#### [How to complete this task]
In the records that follow, find the line containing "腳踏封口機適用于各種塑料薄膜" and the line containing "먼저 네이버 클라우드", then transcribe both and every line between them exactly, omitting pictures.

#### [Records supplied]
=== Section Start ===

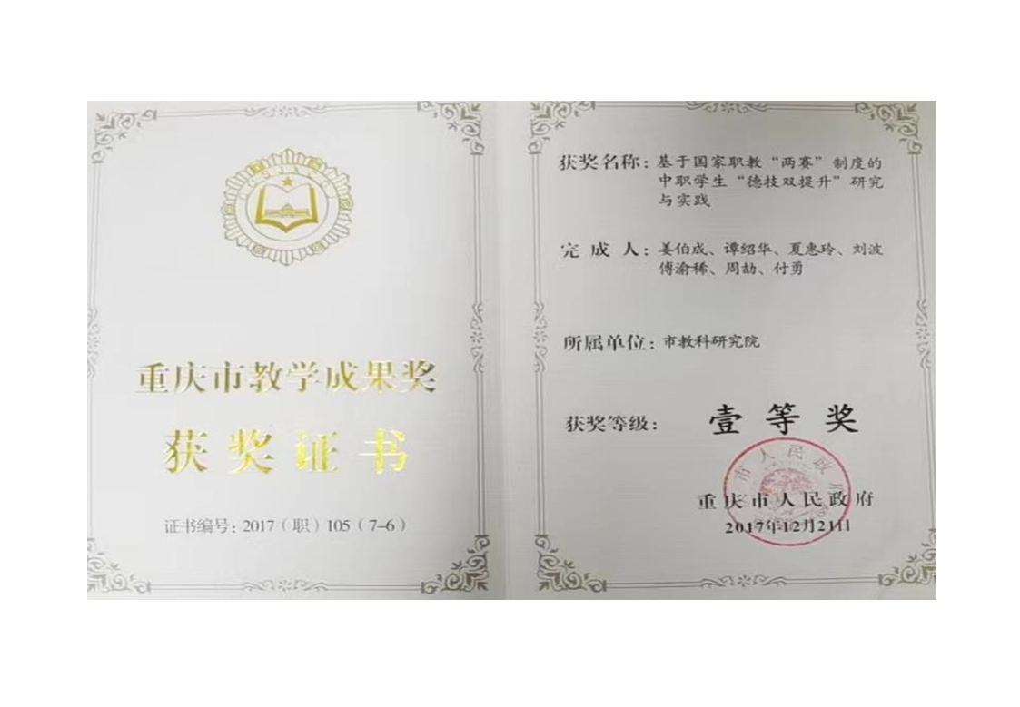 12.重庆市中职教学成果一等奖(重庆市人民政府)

=== Section End ===
=== Section Start ===

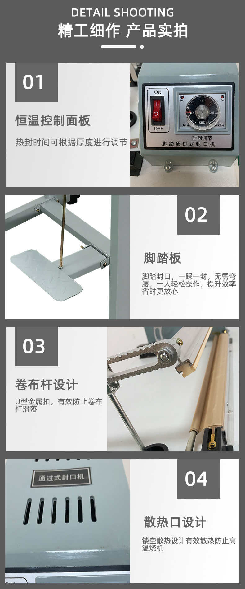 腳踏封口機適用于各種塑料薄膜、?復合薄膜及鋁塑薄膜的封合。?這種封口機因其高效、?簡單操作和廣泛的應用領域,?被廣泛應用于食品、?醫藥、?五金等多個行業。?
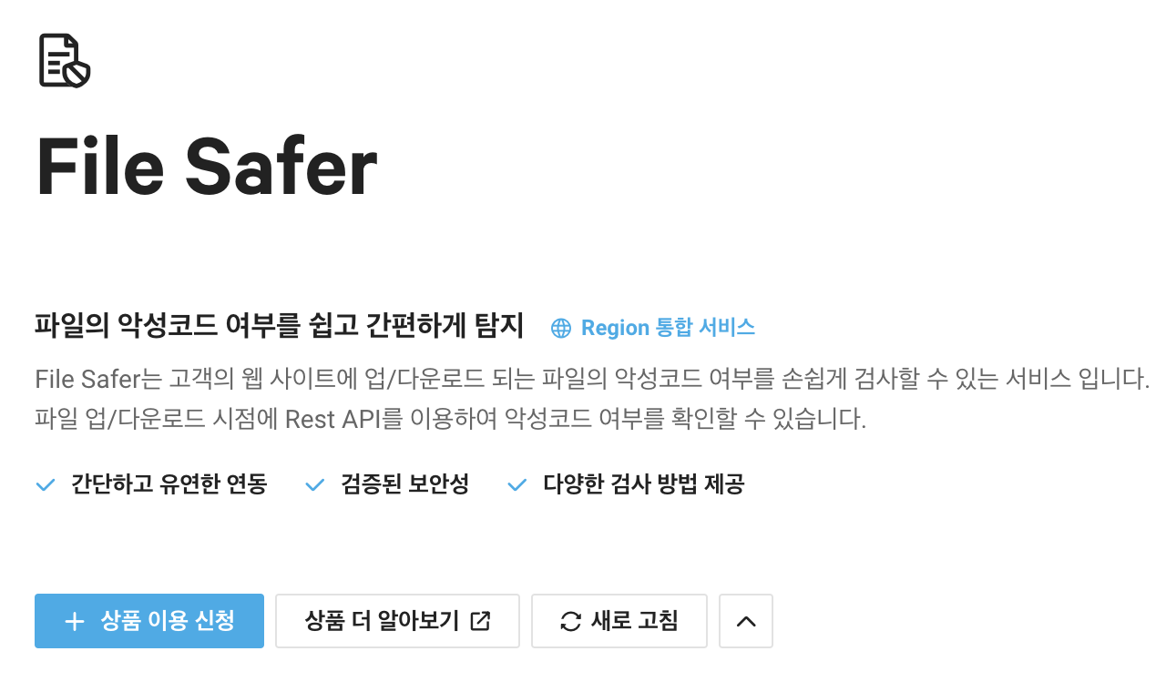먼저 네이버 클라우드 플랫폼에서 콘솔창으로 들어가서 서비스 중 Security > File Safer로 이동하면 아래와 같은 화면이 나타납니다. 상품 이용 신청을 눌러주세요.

=== Section End ===
=== Section Start ===

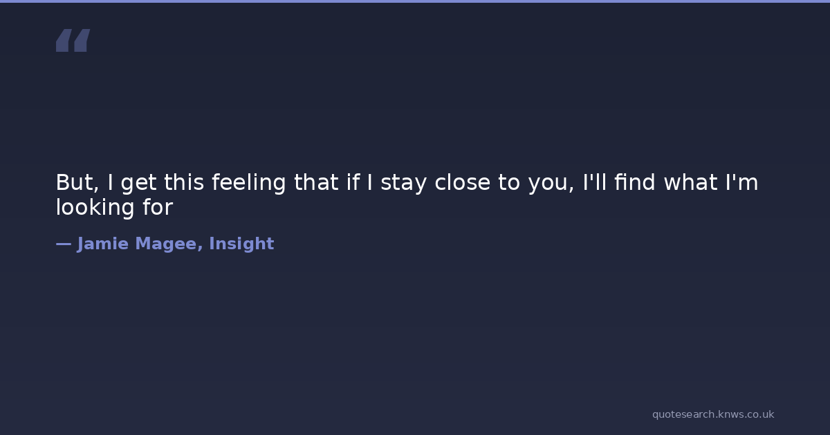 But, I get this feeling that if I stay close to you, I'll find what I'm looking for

=== Section End ===

#### [Result of the exercise]
 腳踏封口機適用于各種塑料薄膜、?復合薄膜及鋁塑薄膜的封合。?這種封口機因其高效、?簡單操作和廣泛的應用領域,?被廣泛應用于食品、?醫藥、?五金等多個行業。?
먼저 네이버 클라우드 플랫폼에서 콘솔창으로 들어가서 서비스 중 Security > File Safer로 이동하면 아래와 같은 화면이 나타납니다. 상품 이용 신청을 눌러주세요.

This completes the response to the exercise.